A inflação nos EUA apresentou deflação de 0,1% em dezembro, em linha com o esperado. O núcleo da inflação, métrica que exclui a inflação com alimentos e energia e recebe mais atenção por parte das autoridades monetárias, avançou 0,3% no mês. Em termos anuais, o CPI total variou 6,4%, enquanto o núcleo do CPI teve variação de 5,7%, com alta de 7% em serviços e de 2,1% em bens. A composição do indicador mostrou uma maior pressão da inflação de aluguel, com alta de 0,8% na margem, ante média de 0,7% nos últimos três meses, liderando a alta de 0,6% em serviços. três meses de serviços anualizada foi de 1,2%, o menor patamar desde junho de 2020. Apesar das surpresas positivas com os números de inflação e salários, mantemos a expectativa de alta dos juros de 50 pb em fevereiro e de 25 p.b em março, mas reconhecemos que aumentou a probabilidade de 25 pb já na próxima reunião e de uma taxa terminal de juros menor do que 5,25%.

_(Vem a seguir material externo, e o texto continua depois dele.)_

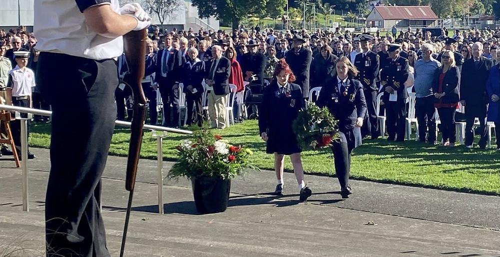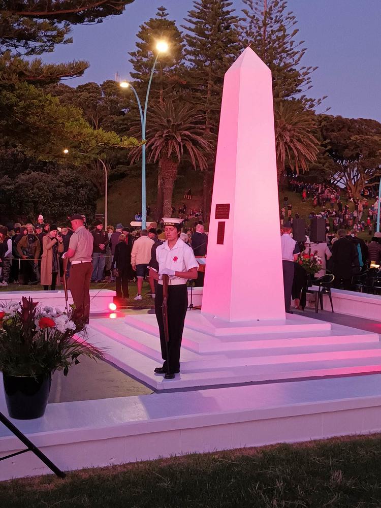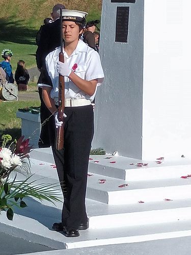 At the same time, on the other side of Tauranga, Able Navy Cadet Loui Mejia-Ball, a Year 12 student at Tauranga Girls' College, attended the Mount Maunganui Dawn service in her role guarding the memorial cenotaph.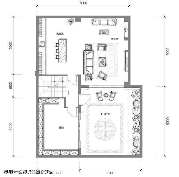 下沉式庭院丰富了空间层次,给空间带来更加丰富的视觉感和使用的可能性。
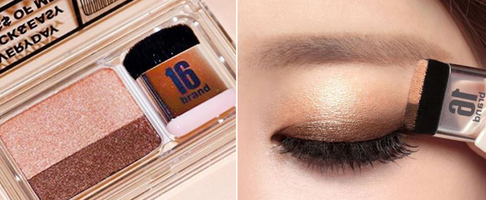 這盤眼彩看似平凡,不過知道它的使用方式之後肯定會讓你大呼「神發明」!一般女孩畫眼妝時最怕暈染不好,整個眼皮就顯得髒髒灰灰,不但沒有電眼的效果,看上去還矬矬的有夠糗。這塊的眼影盤就是為搞不定眼妝的女孩發明的電眼神器,16 Brand以扁平、寬大的眼影刷取代一般眼影棒,特殊角度的眼影刷能貼合整塊眼皮,只要平平的沾取眼影,對準眼皮刷上,就能創造自然又超美的漸層眼影!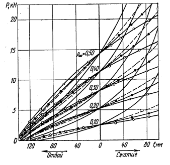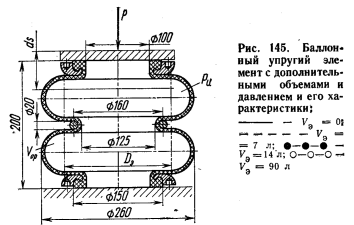 На рис. 145 и рис. 146 приведены характеристики баллонного и диафрагменного упругих элементов, демонстрирующие их поведение при различных объемах и давлениях. Эти графики позволяют инженерам выбрать необходимый упругий элемент в соответствии с заданными требованиями к характеристикам подвески. Анализ показывает, что баллонные упругие элементы имеют ограничение по снижению собственной частоты подвески (1–1,3 с⁻¹) и часто требуют применения объемных дополнительных резервуаров.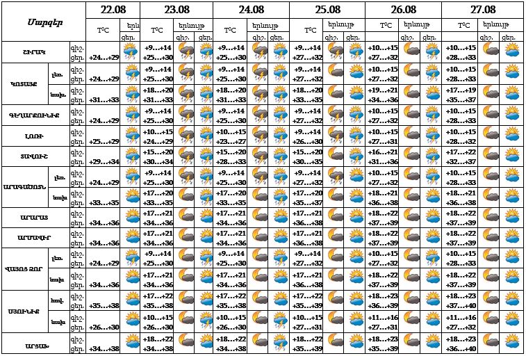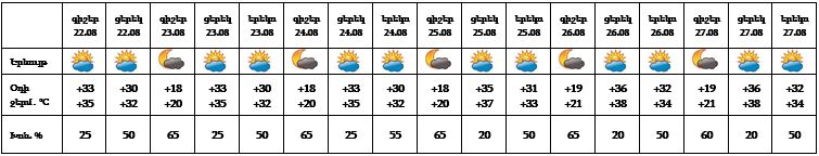 Հայաստանի տարածքում օգոստոսի 22-ի ցերեկը, 23-26-ին` գիշերը և կեսօրից հետո առանձին շրջաններում սպասվում է կարճատև անձրև և ամպրոպ, առանձին հատվածներում հնարավոր է նաև կարկուտ։ Օգոստոսի 27-ին սպասվում է առանց տեղումների եղանակ:
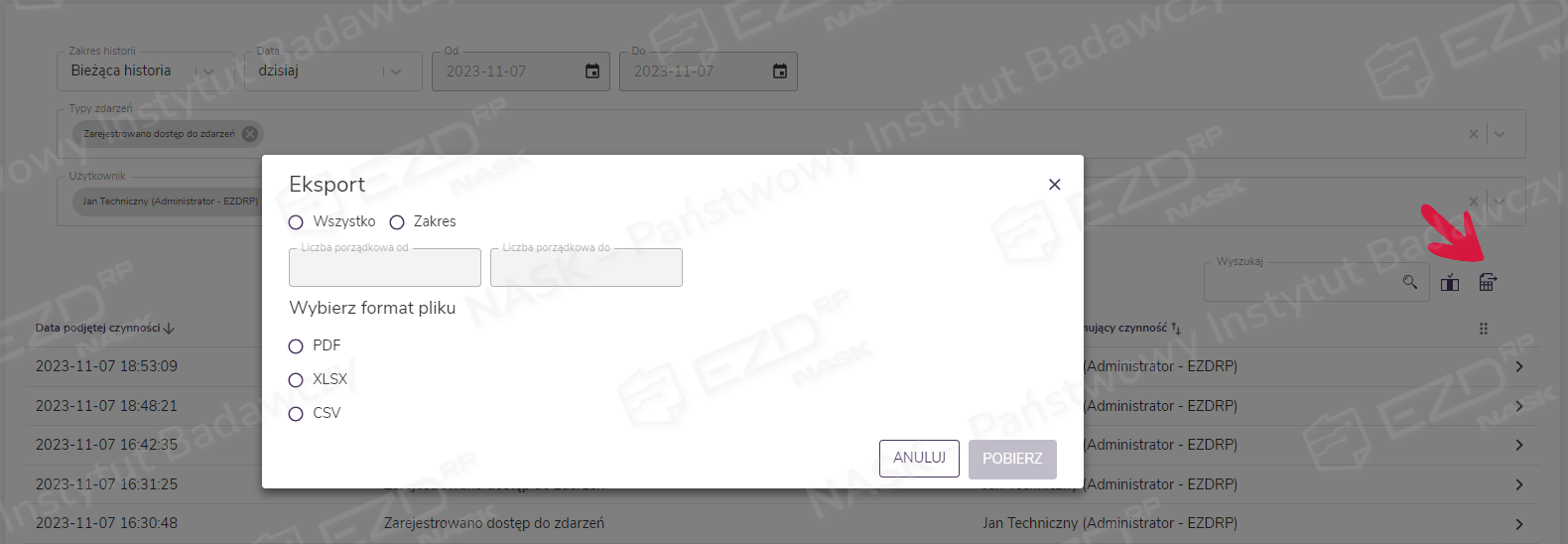 Istnieje także możliwość wyeksportowania wybranych zdarzeń do dalszej analizy. Przy eksporcie powinny zostać zastosowane filtry – ze względu na ograniczenia systemowe oraz możliwości zapisu danych do określonych formatów plików.

Por fim, na China, a despeito das perspectivas mais favoráveis para 2023 decorrentes da reabertura do país e das diversas medidas de estímulo, os resultados de dezembro ainda apontam para uma economia bastante fraca. No último mês do ano passado, as exportações e importações recuaram 9,9% e 7,5%, respectivamente, em relação ao mesmo mês do ano anterior. O destaque fica para a forte retração do comércio de bens, em especial, de eletrônicos, revertendo o ciclo pós pandemia. Nessa mesma direção, cabe mencionar a deflação do índice de preços ao produtor, com queda de 0,7% em dezembro na comparação interanual, reforçando a tendência observada na grande maioria dos país de desinflação de bens e de preços de commodities. Ao mesmo tempo, o índice de preços ao consumidor registrou alta de 1,8% em dezembro, seguindo em patamar comportado, o que mantém espaço para o alívio da política econômica, que segue focada em acelerar a economia.
Na próxima semana
A agenda doméstica de indicadores estará esvaziada e, com isso, as atenções seguirão focadas nos debates fiscais e suas implicações para o cenário de inflação e juros. Na agenda internacional, destaque para a decisão de política monetária do Banco do Japão, quando a autoridade monetária poderá dar mais um passo na remoção das medidas ultra expansionistas. Além disso, teremos os dados de atividade econômica da China, em especial o PIB do 4o trimestre do ano passado, e dos EUA referentes a dezembro (vendas do varejo, produção industrial e indicadores do mercado imobiliário). Por fim, em virtude da realização do Fórum Econômico Mundial, diversos representantes de bancos centrais farão discursos ao longo da semana.